Commitment is the key ingredient that separates sales winners from losers. Top performers show this five-part commitment to selling:
- They make a commitment to their company. Committed salespeople find reasons to be enthusiastic about their companies, realizing their futures are tied together.
- They make a commitment to their job. They stay abreast of developments in the sales field and their industries in general. They know what worked yesterday may not work today. They recognize that past success doesn’t guarantee future performance. But they know persistence, constantly striving for knowledge and refining existing talents will.
- They make a commitment to their customers. Committed salespeople always try to deliver the very best for their customers. They’re always available when problems develop and do everything in their power to act in their customers’ best interests by focusing on customer needs.
- They make a commitment to themselves. They recognize they’re in absolute control of their life. How they spend their time, how they educate themselves and how they develop their sales abilities is their responsibility.

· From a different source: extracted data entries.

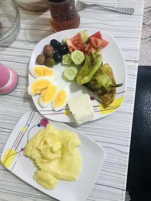 Haşlanmış yumurta peynir zeytin az az domates salatalık yeşil biber kavurma kuymak 2 yemek kaşığı
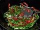 把炒好的腊肉放进去,翻炒3分钟左右后先装盘。
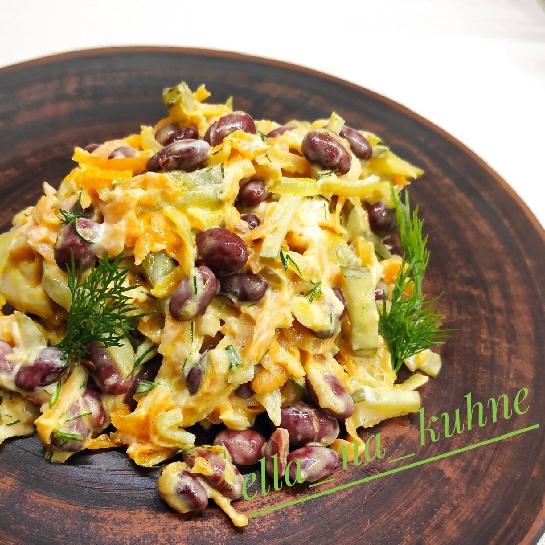 Простой, сытный и доступный по цене салат. За идею спасибо Наталье Воротниковой @Natochka ❤. #пост Ингредиенты: фасоли в собственном соку, морковь, большая луковица, маринованных огурчика, Зелень, Соль, перец , Майонез , Растительное масло Способ приготовления: Морковь натереть, лук нарезать и спассеровать на небольшом количестве растительного масла. Остудить. В миску выложить спассерованные овощи, фасоль и нарезанные соломкой огурцы. По вкусу добавить зелень и смесь молотых перцев (я не солила). Заправить небольшим количеством майонеза (мне хватило на такое количество салата 1 ст л), а можно и не заправлять. Приятного аппетита😍! Если вам по душе мои незатейливые рецепты: подписывайтесь и оставляйте свои фотоотзывы📸!

- They understand they must be people of action. Knowledge isn’t enough. It’s necessary to both know and do — and top salespeople know this. They have exceptional will power and regularly take on unpleasant tasks and accomplish them. By taking care of these tasks before they become urgent, they give themselves much more time to handle emergencies.
Demonstrating commitment
Once salespeople develop these qualities — particularly a commitment to customers — they must demonstrate them.
Here are eight ways top salespeople demonstrate commitment to customers:
- Help the customer succeed. Top salespeople get a first-hand experience of how a prospect’s business operates. Just selling the right product or service isn’t enough. An experienced salesperson is in a unique position to offer ideas and suggestions that can benefit a customer’s business. Finding information that can help the customer gives a salesperson an opportunity to show that the goal is not just making the sale but helping the customer succeed.
- Make the sale a solution. The superior salesperson knows that what the customer buys will be soon judged as either valuable or a mistake. This is why time is spent framing the sale in a larger context, one that helps the customer appreciate the value of not just buying a product, but also buying a solution.
- Manage leads and customers effectively. Competent and swift account management separates the average salesperson from the superior professional. Top salespeople stay in constant touch, monitoring pending proposals and responding to any changes in the customer’s needs. This kind of hands-on treatment allows a salesperson to implement new strategies. Because the salesperson is in control, there is never a feeling of being overwhelmed or always trying to play catch up.
- Take cues from the customer’s page. Some salespeople fail because they come to the prospect with a predetermined agenda. They know what they want to sell and spend the time with the customer figuring out how to get the order signed. Manipulation doesn’t work with customers today. Customer focus does. When attention is fixed on the customer, valuable discoveries take place.
- Don’t rush the customer. There’s a difference between being perceived as concerned and thorough, and trying to rush the customer into buying. The former ends in making a sale and the latter in turning off a prospect. The goal is to help the customer come to a buying decision that is natural, one in which the customer is comfortable. The major mistake is assuming when the customer should buy. Each situation is different. Even if a customer doesn’t return your calls or cancels a meeting, you shouldn’t assume that the customer isn’t interested. Customers have their own schedules today.
- Anticipate customer needs. Customers want to do business with leading edge suppliers. This is why leadership is one of the qualities that makes salespeople valuable to their customers and sets them apart from the competition. By looking carefully at the company, division or department, the top rung salesperson identifies future needs and develops a plan for initiating appropriate discussions.
- Cultivate prospects continuously. The average salesperson tries to control the buying process by deciding when the prospect stops being a prospect and goes to the “dead file.” If the prospect hasn’t bought in a certain length of time, the salesperson tears up the lead. This may be the single biggest mistake in selling today. While not every prospect buys, every salesperson has a long list of customers who eventually buy from someone else. It occurs because a salesperson stops cultivating the customer. Just staying in touch periodically can keep alive the possibility of getting the order.
- Stay on track. Be relentless. Average salespeople are easily distracted, jumping from one prospect to the next hoping to make a sale. Top salespeople stay with the plan. They aren’t always looking around for the latest gimmick or spending valuable time trying to find a “silver bullet.” They are totally directional. This doesn’t mean they are closed to new ideas. Rather, they evaluate every suggestion by a rigid standard: Will it help me get closer to the customer? If it fails to pass this test, they don’t waste their time. They know their sales come from being consistent with their prospects, always demonstrating their reliability.
Why salespeople lose commitment
Some salespeople lose commitment just as they’re about to achieve success. They get tired of waiting, trying or dreaming, and they give up, usually for one of the following six reasons:
- They really didn’t want what they were going after in the first place.
- They thought success would be easier.
- They thought success would come sooner than later.
- They lost belief in themselves or their mission or cause.
- They let someone else discourage them or talk them out of wanting it.
- They failed to realize that anything worthwhile takes time, patience and action.